我有一个这样的清单:
list1 = [['2012', '1', '3', '1', '832.0', '261.0', '100.00'],
['2012', '1', '5', '1', '507.0', '193.0', '92.50'],
['2012', '2', '3', '1', '412.0', '200.0', '95.00'],
['2012', '2', '5', '1', '560.0', '335.0', '90.00'],
['2012', '3', '3', '1', '584.0', '205.0', '100.00'],
['2012', '3', '5', '1', '595.0', '162.0', '92.50'],
['2012', '4', '3', '1', '504.0', '227.0', '100.00'],
['2012', '4', '5', '1', '591.0', '264.0', '92.50'],
['2012', '5', '3', '1', '489.0', '234.0', '100.00'],
['2012', '5', '5', '1', '561.0', '292.0', '95.00'],
['2012', '6', '3', '1', '622.0', '221.0', '100.00'],
['2012', '6', '5', '1', '478.0', '204.0', '92.50'],
['2012', '7', '3', '1', '974.0', '290.0', '100.00'],
['2012', '7', '5', '1', '553.0', '269.0', '95.00'],
['2012', '8', '3', '1', '473.0', '158.0', '100.00'],
['2012', '8', '5', '1', '526.0', '174.0', '92.50'],
['2012', '9', '3', '1', '701.0', '189.0', '95.00'],
['2012', '9', '5', '1', '502.0', '179.0', '97.50'],
['2012', '10', '3', '1', '470.0', '184.0', '100.00'],
['2012', '10', '5', '1', '579.0', '218.0', '92.50']]
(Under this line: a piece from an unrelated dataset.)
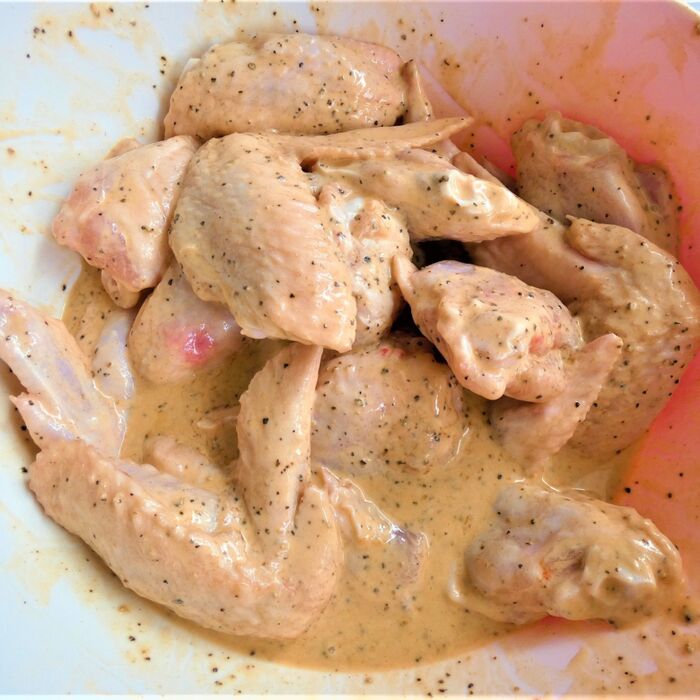 2.肉500gを加え、からめてから、なじむまで5~10分間おきます。

每行的第七列是Y数据,每行的第五列和第六列是X数据。 我想计算"拦截"和" coef"有这个清单。 如果有一个csv文件,我知道该怎么做,例如:
import pandas as pd
from sklearn import linear_model
wine = pd.read_csv( r"D:/1.csv",sep=',' )
clf = linear_model.LinearRegression()
X = wine.drop( 'point', axis=1 )
y = wine['point']
clf.fit( X, y )
print( clf.intercept_,clf.coef_[0],clf.coef_[1] )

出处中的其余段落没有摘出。